*Data shown*
══════════════════════════════
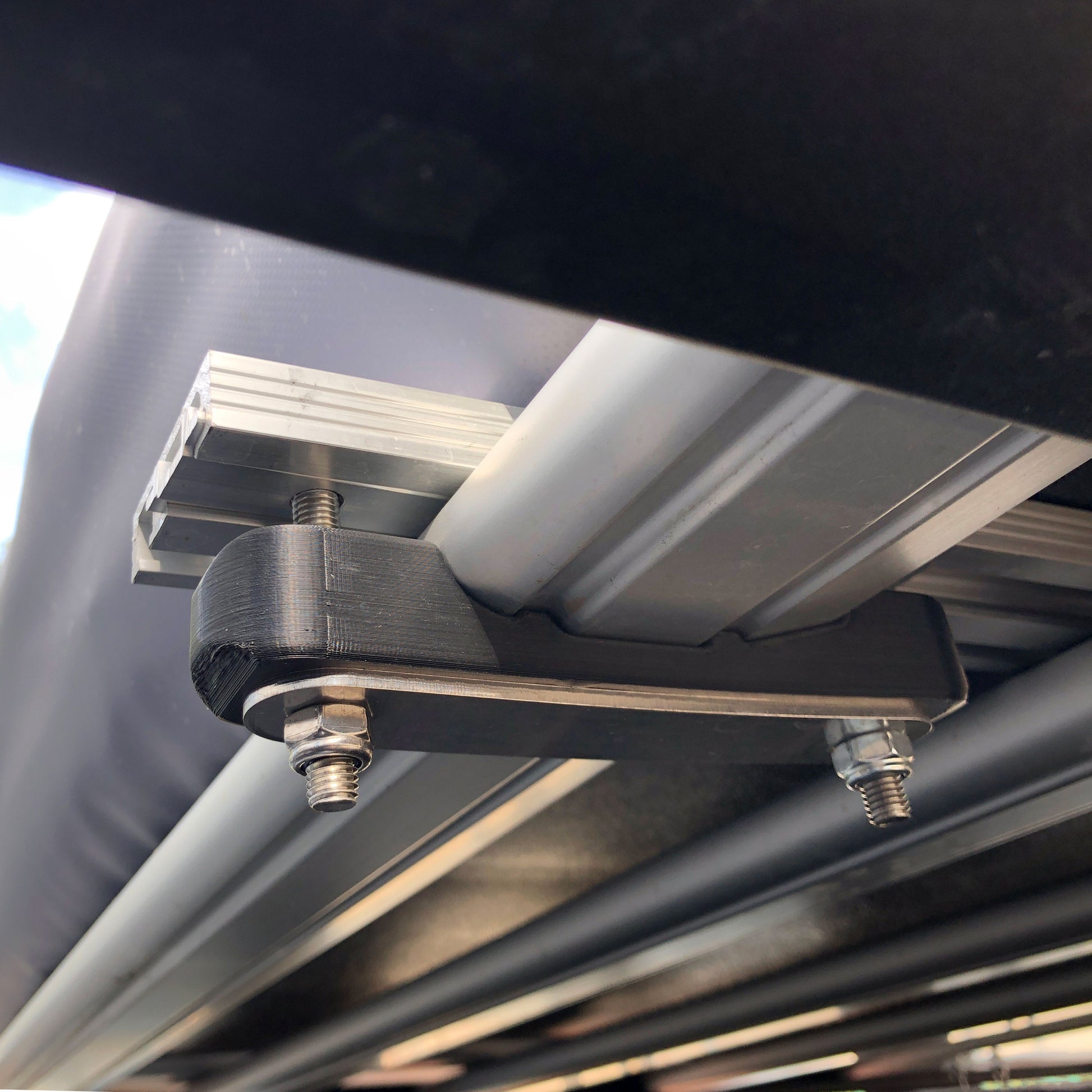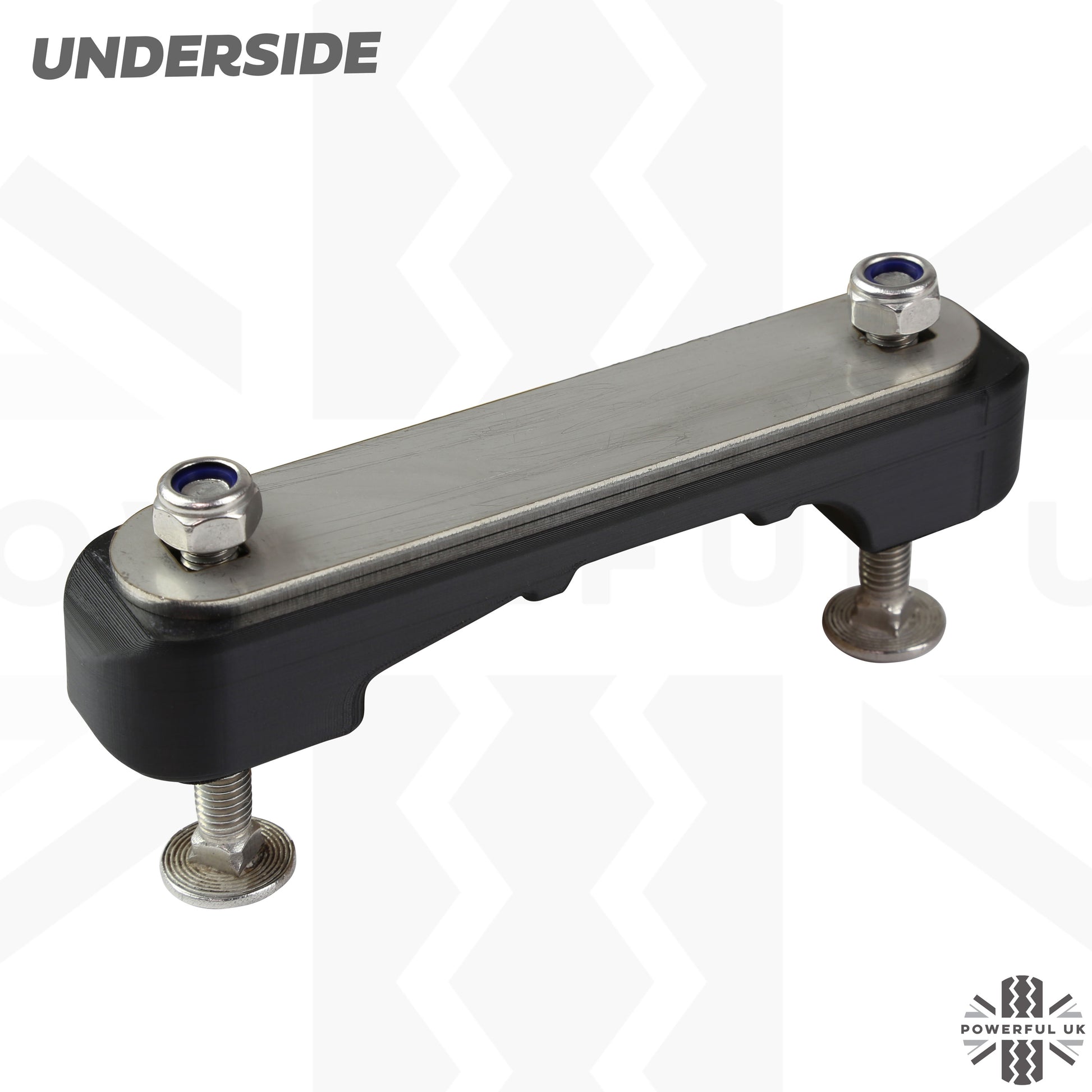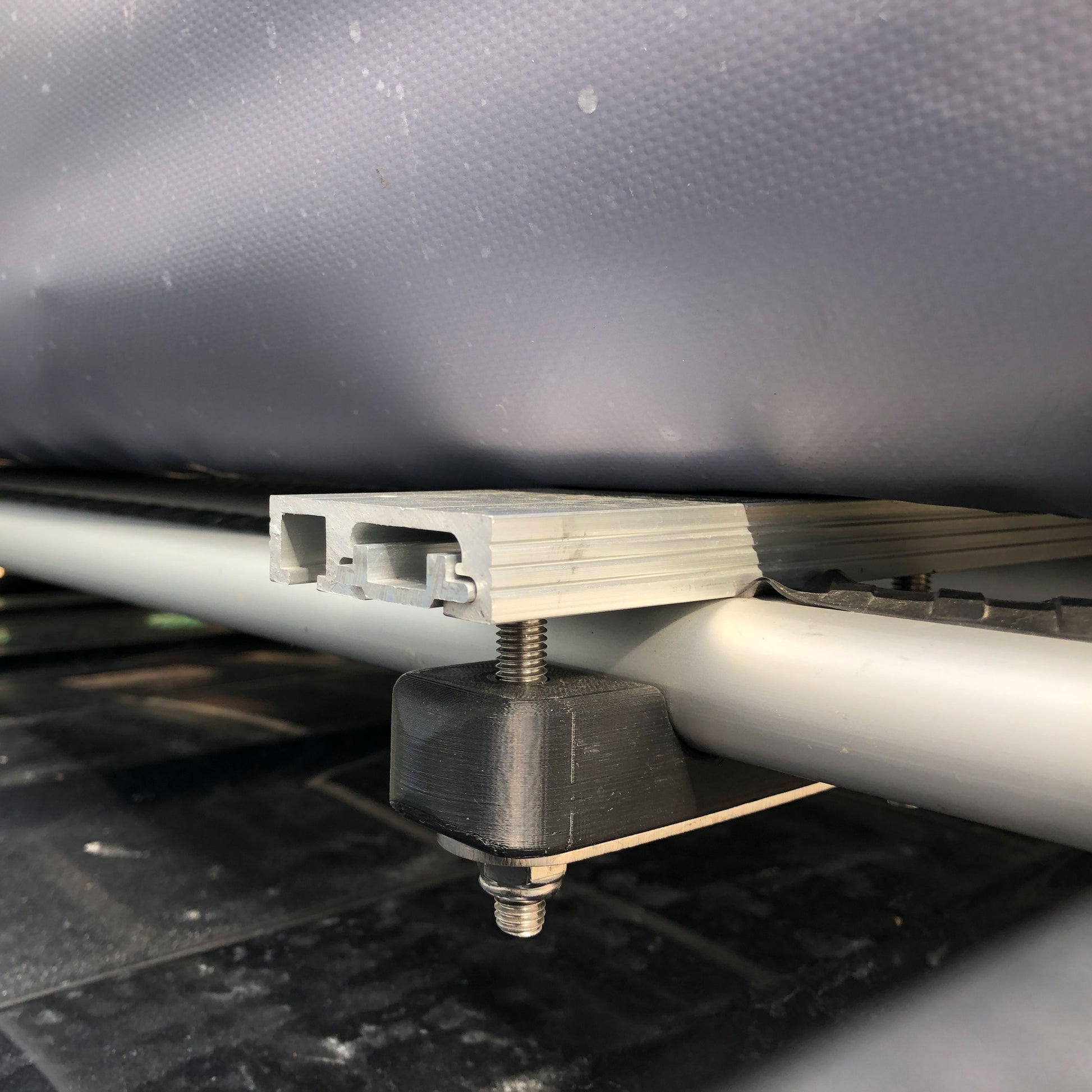 The kit consists of an injection moulded ABS clamping 'block' which fits the underside profile of the cross rail perfectly.
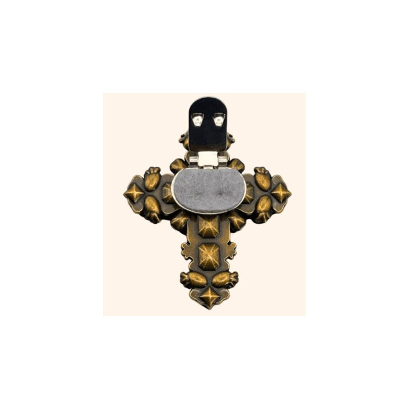 Le Clip Croix Versailles Polychrome s’impose comme une pièce de caractère, à la fois baroque et intensément contemporaine.Signée SUZON Héritage, elle puise son inspiration dans les ornements sacrés du Grand Siècle, réinterprétés dans une palette éclatante et audacieuse.
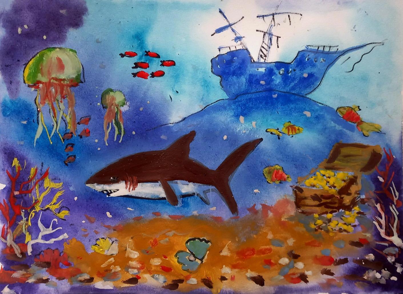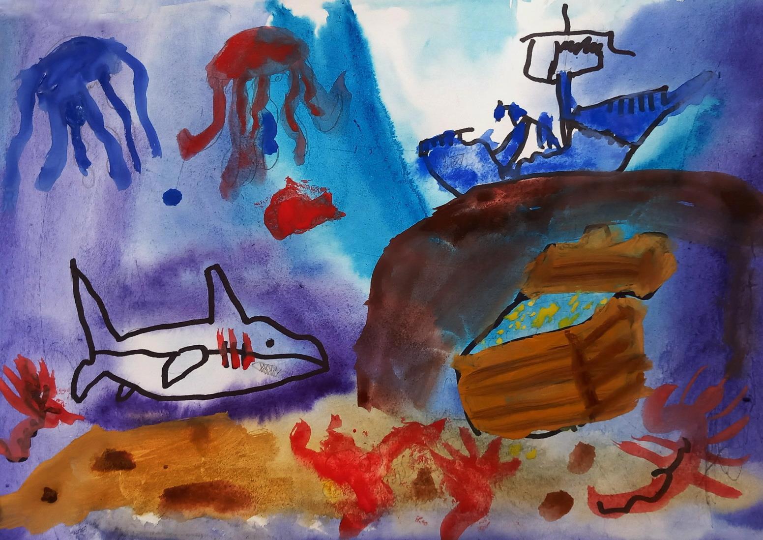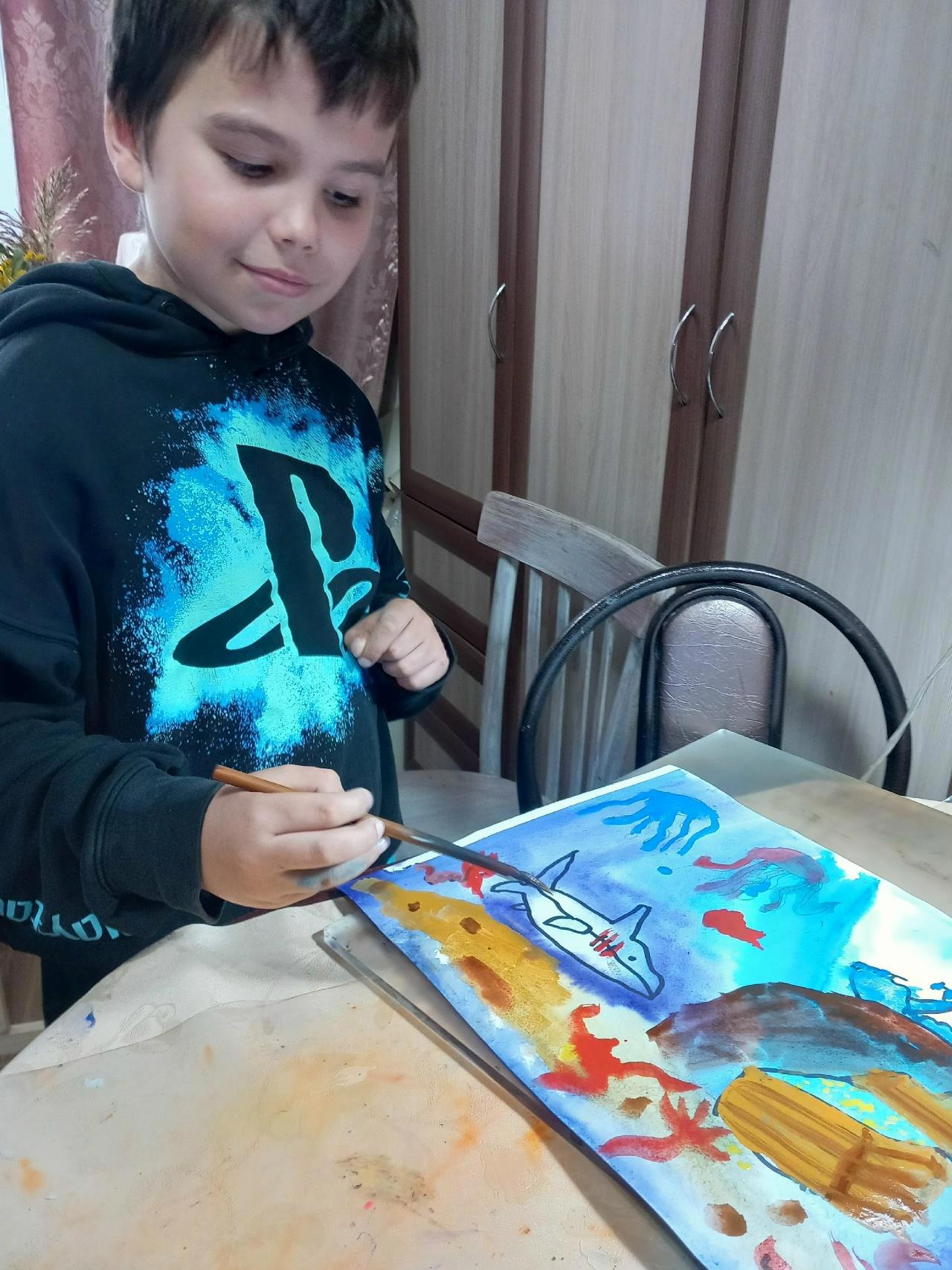 Автор: Ольга ЛевоновичРебятишки ко мне ходят рисовать. Сегодня с мальчиком, который перешёл в третий класс, позанимались математикой, а потом отрывались, рисовали подводный мир маркером, акварелью, гуашью. Я свою картинку рисовала, мой подопечный свою. Какое это удовольствие!
══════════════════════════════
*Your task*
Copy the material exactly as written and leave every picture behind.

*Task answer*
 The kit consists of an injection moulded ABS clamping 'block' which fits the underside profile of the cross rail perfectly.
 Le Clip Croix Versailles Polychrome s’impose comme une pièce de caractère, à la fois baroque et intensément contemporaine.Signée SUZON Héritage, elle puise son inspiration dans les ornements sacrés du Grand Siècle, réinterprétés dans une palette éclatante et audacieuse.
 Автор: Ольга ЛевоновичРебятишки ко мне ходят рисовать. Сегодня с мальчиком, который перешёл в третий класс, позанимались математикой, а потом отрывались, рисовали подводный мир маркером, акварелью, гуашью. Я свою картинку рисовала, мой подопечный свою. Какое это удовольствие!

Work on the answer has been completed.